For all the value of the physical object, there's value, too, say Marshall and Dimunation, in digitizing collections so they're accessible online. Unlike in other areas of the library, where "digital technology can be seen as the vehicle through which we can reduce the number of physical artifacts we retain in a collection," Dimunation says, "in Special Collections, it should be handled in tandem."

At UVM, the Center for Digital Initiatives does just that, scanning and archiving a selection of the manuscripts, books and images unique to UVM's collection.
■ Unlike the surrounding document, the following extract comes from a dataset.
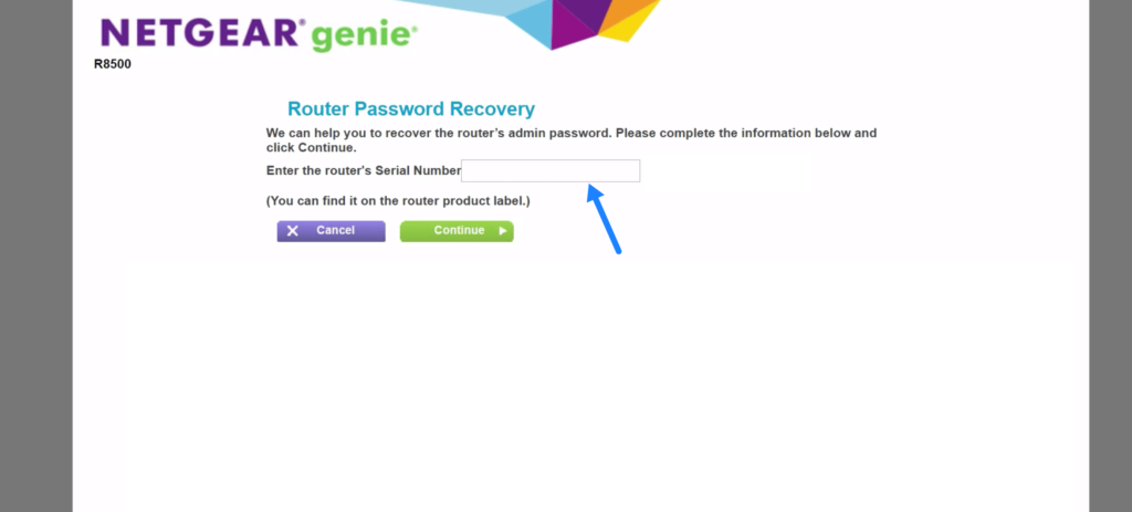 4,如果启用了密码恢复,则将提示您输入路由器的序列号,该序列号可以在路由器后面找到。

McAllister's photographs, slide images of the Long Trail, the Civil War letters, Vermont Congressional papers, maple recipes and other collections are available for browsing on the CDI website.

"We see the Web as an access tool, not a preservation tool," Marshall says. Access to and use of the collection is important to Marshall. That's why since becoming director in 2006 (following long-time director Connell Gallagher), he's paid special attention to increasing the number of classes visiting Special Collections and integrating its holdings with coursework. The number of class visits reaches 60 to 70 per year and include everything from botany courses looking at the collection of herbals to see how plant descriptions and depictions have changed over the centuries to printmaking courses investigating printing processes and how printers and artists have historically made illustration and text work together.

"Teaching is the most important thing we do," Marshall says. "If we're not teachers, then we're just guardians, and that's not what we want to be."